- Problem description
The output is the lines below from the one with "分析错误原因是:Primary key column" through the one with "向下递归,向上回溯,首个同时包含 p 和 q 的节点为答案", both included, printed exactly and with no other line.

- The data
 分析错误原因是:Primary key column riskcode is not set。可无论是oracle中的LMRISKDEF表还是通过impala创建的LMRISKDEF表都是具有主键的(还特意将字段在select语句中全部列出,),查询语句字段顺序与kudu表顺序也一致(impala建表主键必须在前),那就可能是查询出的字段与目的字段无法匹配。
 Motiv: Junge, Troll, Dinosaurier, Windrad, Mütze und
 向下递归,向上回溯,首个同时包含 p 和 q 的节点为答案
==
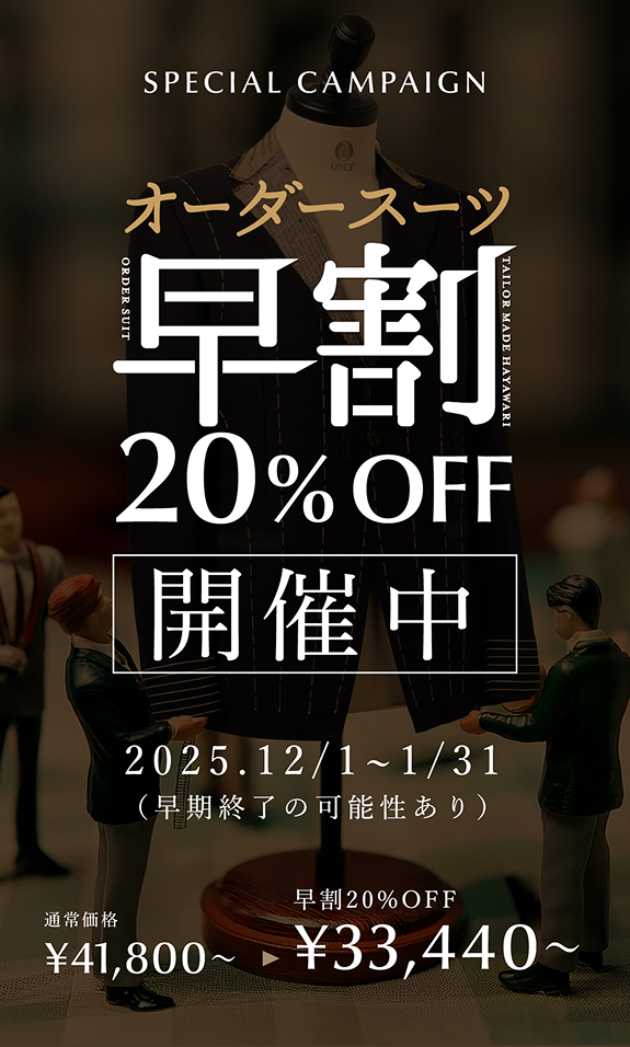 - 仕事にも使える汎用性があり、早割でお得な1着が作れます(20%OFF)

- Response box
 分析错误原因是:Primary key column riskcode is not set。可无论是oracle中的LMRISKDEF表还是通过impala创建的LMRISKDEF表都是具有主键的(还特意将字段在select语句中全部列出,),查询语句字段顺序与kudu表顺序也一致(impala建表主键必须在前),那就可能是查询出的字段与目的字段无法匹配。
 Motiv: Junge, Troll, Dinosaurier, Windrad, Mütze und
 向下递归,向上回溯,首个同时包含 p 和 q 的节点为答案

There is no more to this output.